= Task description =
Each record needs to be retyped exactly, though its pictures should not appear.

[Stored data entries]
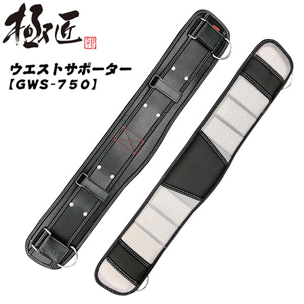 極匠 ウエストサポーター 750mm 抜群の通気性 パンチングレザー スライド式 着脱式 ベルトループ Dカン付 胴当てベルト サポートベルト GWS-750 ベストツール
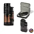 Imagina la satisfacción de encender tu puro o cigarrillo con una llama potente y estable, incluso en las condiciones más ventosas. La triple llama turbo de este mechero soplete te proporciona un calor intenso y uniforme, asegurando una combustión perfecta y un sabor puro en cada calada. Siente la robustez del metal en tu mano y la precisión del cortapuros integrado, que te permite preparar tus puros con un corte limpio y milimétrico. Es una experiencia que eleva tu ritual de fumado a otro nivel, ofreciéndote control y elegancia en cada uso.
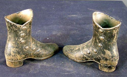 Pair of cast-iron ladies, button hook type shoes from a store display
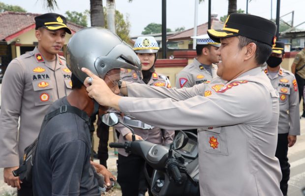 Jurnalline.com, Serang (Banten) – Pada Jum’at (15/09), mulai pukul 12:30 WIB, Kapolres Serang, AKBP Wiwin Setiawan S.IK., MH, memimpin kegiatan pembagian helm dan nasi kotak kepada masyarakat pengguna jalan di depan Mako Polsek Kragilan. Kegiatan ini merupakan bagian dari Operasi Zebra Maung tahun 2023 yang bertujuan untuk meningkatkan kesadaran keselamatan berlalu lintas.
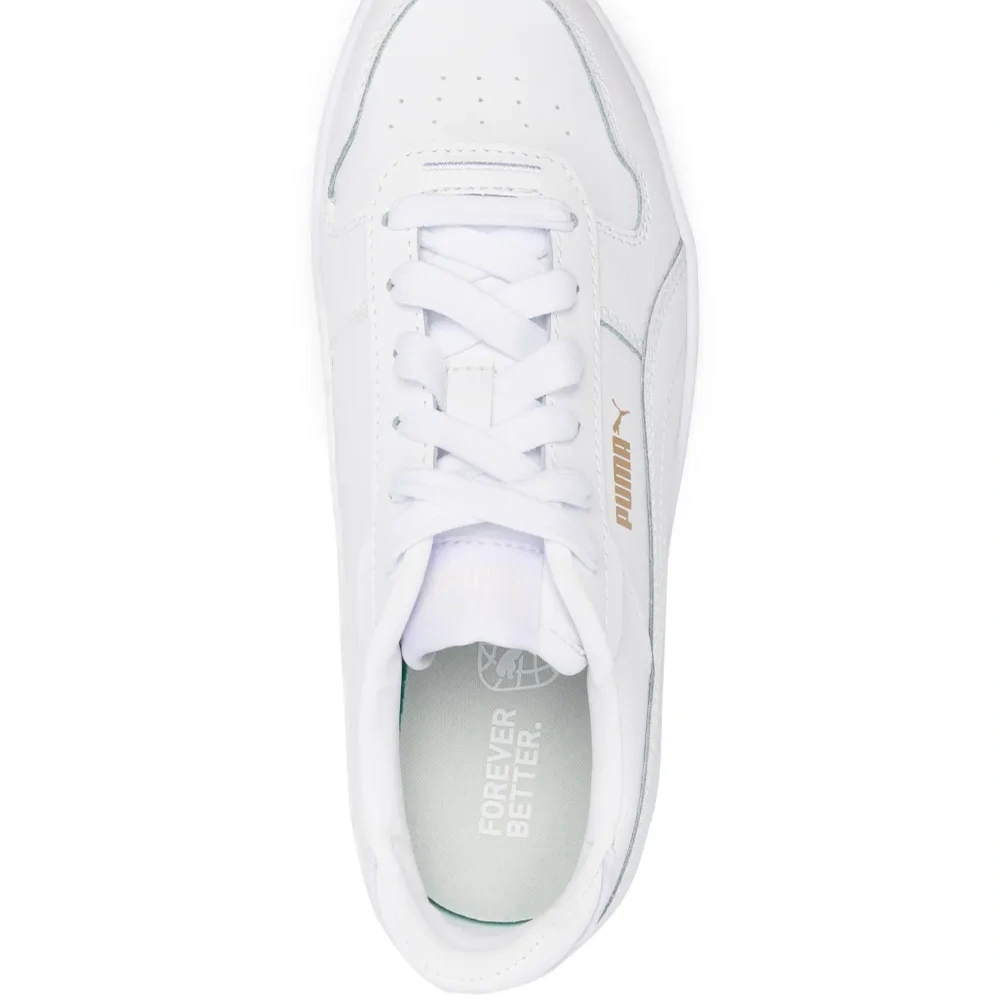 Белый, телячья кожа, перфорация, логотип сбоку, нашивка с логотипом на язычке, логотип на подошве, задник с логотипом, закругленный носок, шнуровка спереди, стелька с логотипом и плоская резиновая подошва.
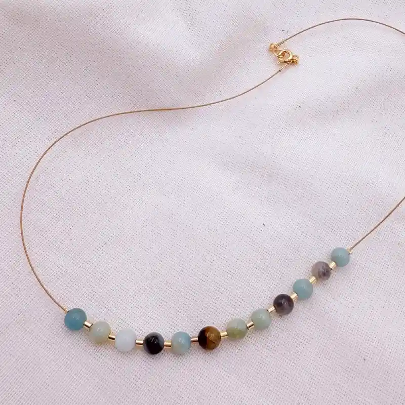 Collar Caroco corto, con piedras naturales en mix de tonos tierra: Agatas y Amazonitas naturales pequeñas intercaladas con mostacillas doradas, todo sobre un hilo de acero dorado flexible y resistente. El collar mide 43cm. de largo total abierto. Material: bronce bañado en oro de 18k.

= Task answer =
 極匠 ウエストサポーター 750mm 抜群の通気性 パンチングレザー スライド式 着脱式 ベルトループ Dカン付 胴当てベルト サポートベルト GWS-750 ベストツール
 Imagina la satisfacción de encender tu puro o cigarrillo con una llama potente y estable, incluso en las condiciones más ventosas. La triple llama turbo de este mechero soplete te proporciona un calor intenso y uniforme, asegurando una combustión perfecta y un sabor puro en cada calada. Siente la robustez del metal en tu mano y la precisión del cortapuros integrado, que te permite preparar tus puros con un corte limpio y milimétrico. Es una experiencia que eleva tu ritual de fumado a otro nivel, ofreciéndote control y elegancia en cada uso.
 Pair of cast-iron ladies, button hook type shoes from a store display
 Jurnalline.com, Serang (Banten) – Pada Jum’at (15/09), mulai pukul 12:30 WIB, Kapolres Serang, AKBP Wiwin Setiawan S.IK., MH, memimpin kegiatan pembagian helm dan nasi kotak kepada masyarakat pengguna jalan di depan Mako Polsek Kragilan. Kegiatan ini merupakan bagian dari Operasi Zebra Maung tahun 2023 yang bertujuan untuk meningkatkan kesadaran keselamatan berlalu lintas.
 Белый, телячья кожа, перфорация, логотип сбоку, нашивка с логотипом на язычке, логотип на подошве, задник с логотипом, закругленный носок, шнуровка спереди, стелька с логотипом и плоская резиновая подошва.
 Collar Caroco corto, con piedras naturales en mix de tonos tierra: Agatas y Amazonitas naturales pequeñas intercaladas con mostacillas doradas, todo sobre un hilo de acero dorado flexible y resistente. El collar mide 43cm. de largo total abierto. Material: bronce bañado en oro de 18k.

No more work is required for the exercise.